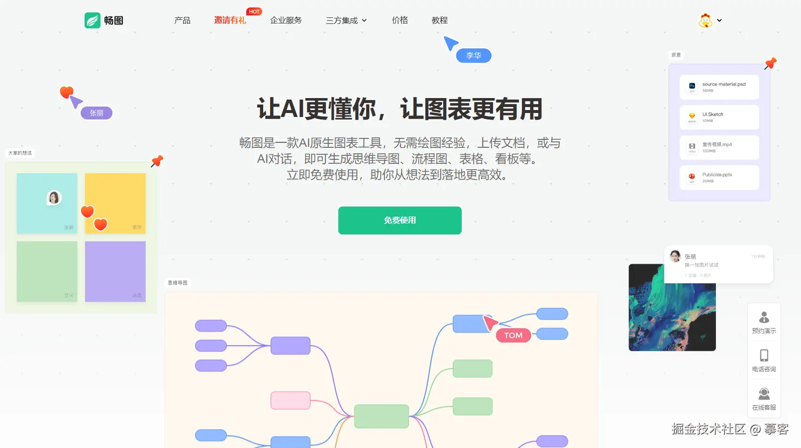 畅图是一款AI驱动的在线图表工具,与AI简单对话,就能一键生成思维导图、流程图、鱼骨图、表格、时间线、类图等多种可视化图表。它不仅能帮助个人快速绘制图表,还能让团队在同一个画布上实时协作,提高信息表达和沟通效率,是职场人必备的AI图表神器。
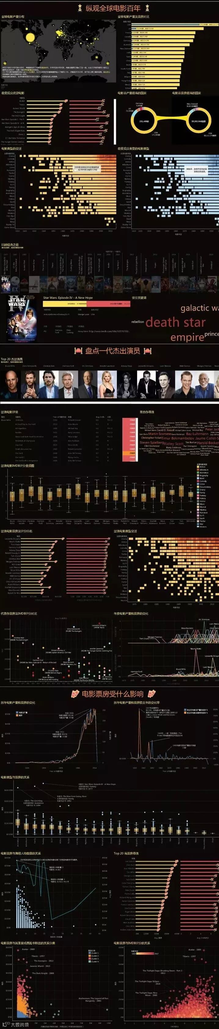 该作品从人文科学角度分析了近一百年的 IMDB 电影数据,讲解了全球电影的发展史。作品分为三个部分。首先总览全球电影百年,对比国与国之间的电影产量和票房,阐述了电影的普及和电影类型的变迁。其次盘点一代杰出演员,分析优秀演员的特征及其 “星” 路历程。最后剖析了高票房电影的成功因素,总结了创造高票房电影的秘诀。
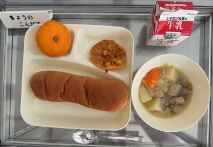 今日の献立は「黒糖パン・豚肉と野菜のスープ・変わりピザ・ミカン」です。
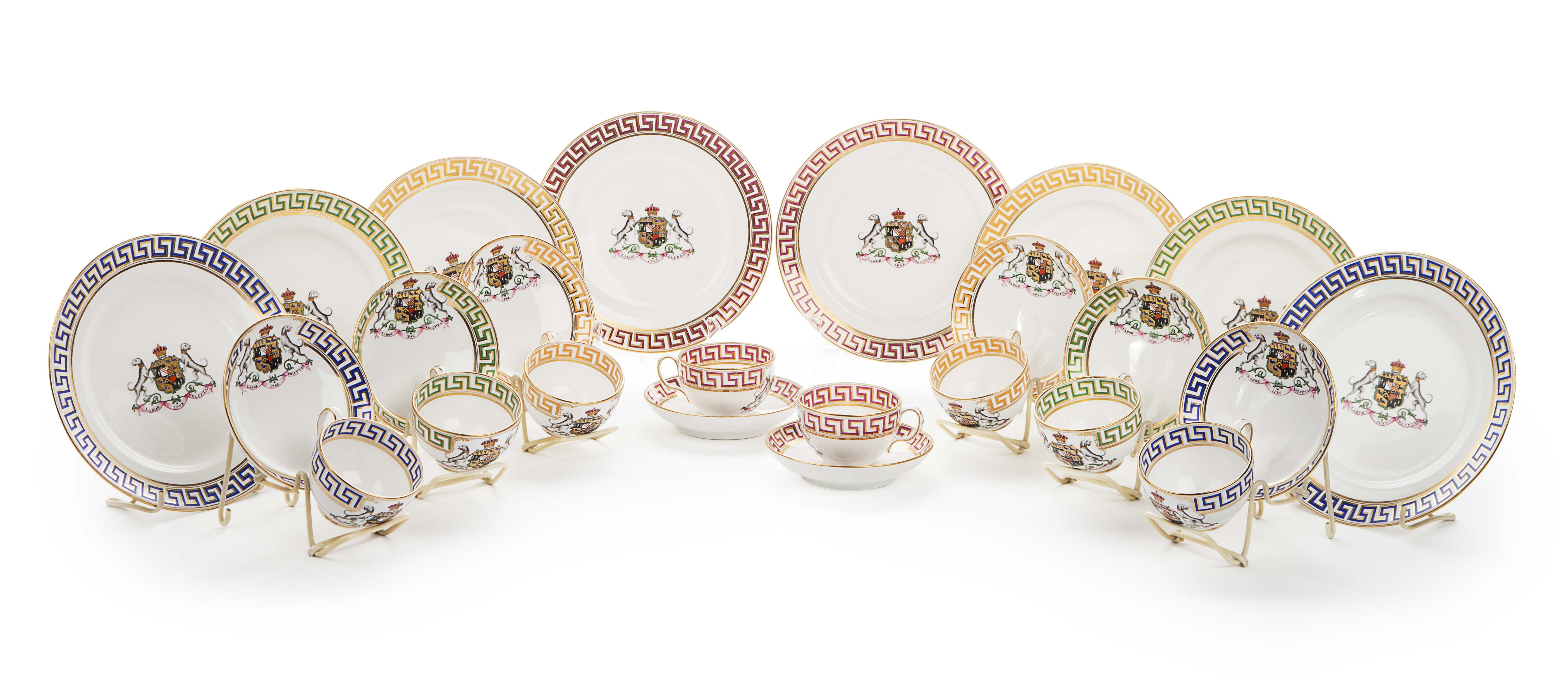 painted with the Lovelace coat of arms, with Greek key borders in four different colours enriched with gilt, comprising: 30 cups, 38 saucers and 12 plates (qty)
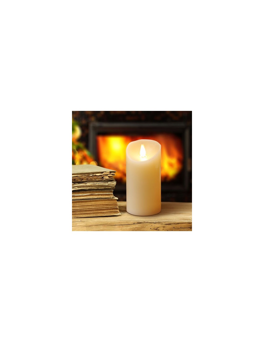 Candela Cilindrica Ø7,5cm H12,5cm Cera Avorio finitura liscia lucida Glossy LED BIANCO CALDO, Fiamma 3D in movimento 3D MOVING FLAME, Timer On-Off 8-16 ore (escludibile), Interruttore On-Off-Timer sotto la base, a Batteria 3xAAA, IP20 uso Portatile, Dimensioni Ø7,5xH12,5cm, Scatola color (XKC Art. CSY75125T).
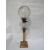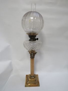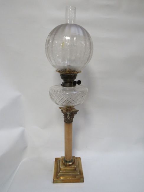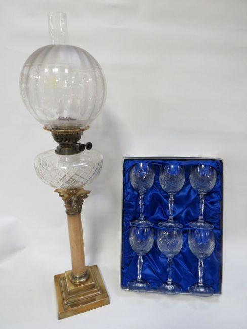 A tall column oil lamp with etched shade together with a set of six Schott crystal cut glasses
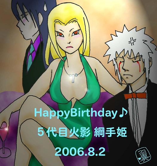 こんばんはw先日自分の過ちから、綱手様画像をすっ飛ばしてしまって落ち込んでいた翼蓮デスw まったく同じ構図は胸が痛いので、もうぶっつけ、行き当たりばったりで・・・資料も見ずに描いたんで、けっこう色が違ったりするかも・・・。 せっせと塗って・・・ちょっと失敗か・・・?と、あせっていたら、後ろで(夜勤明けで)寝ていた旦那が「ん・・・、ヘタウマ絵か・・・?」うぎゃ~~wヒトがうすうす気にし始めていたところを、背後からぐっさり(汗 い・・・いいもん。いいんだもん。とにかく、何か描きたかったんだもん・・・。 では、突っ込みどこ満載のハピバ絵公開・・・??

☆ ☆ ☆ ☆ ☆

With the pictures omitted, set down each line exactly, starting at the first line of the records above and ending with the line that contains "今日の献立は「黒糖パン・豚肉と野菜のスープ・変わりピザ・ミカン」です。".

- **Answer area**
 畅图是一款AI驱动的在线图表工具,与AI简单对话,就能一键生成思维导图、流程图、鱼骨图、表格、时间线、类图等多种可视化图表。它不仅能帮助个人快速绘制图表,还能让团队在同一个画布上实时协作,提高信息表达和沟通效率,是职场人必备的AI图表神器。
 该作品从人文科学角度分析了近一百年的 IMDB 电影数据,讲解了全球电影的发展史。作品分为三个部分。首先总览全球电影百年,对比国与国之间的电影产量和票房,阐述了电影的普及和电影类型的变迁。其次盘点一代杰出演员,分析优秀演员的特征及其 “星” 路历程。最后剖析了高票房电影的成功因素,总结了创造高票房电影的秘诀。
 今日の献立は「黒糖パン・豚肉と野菜のスープ・変わりピザ・ミカン」です。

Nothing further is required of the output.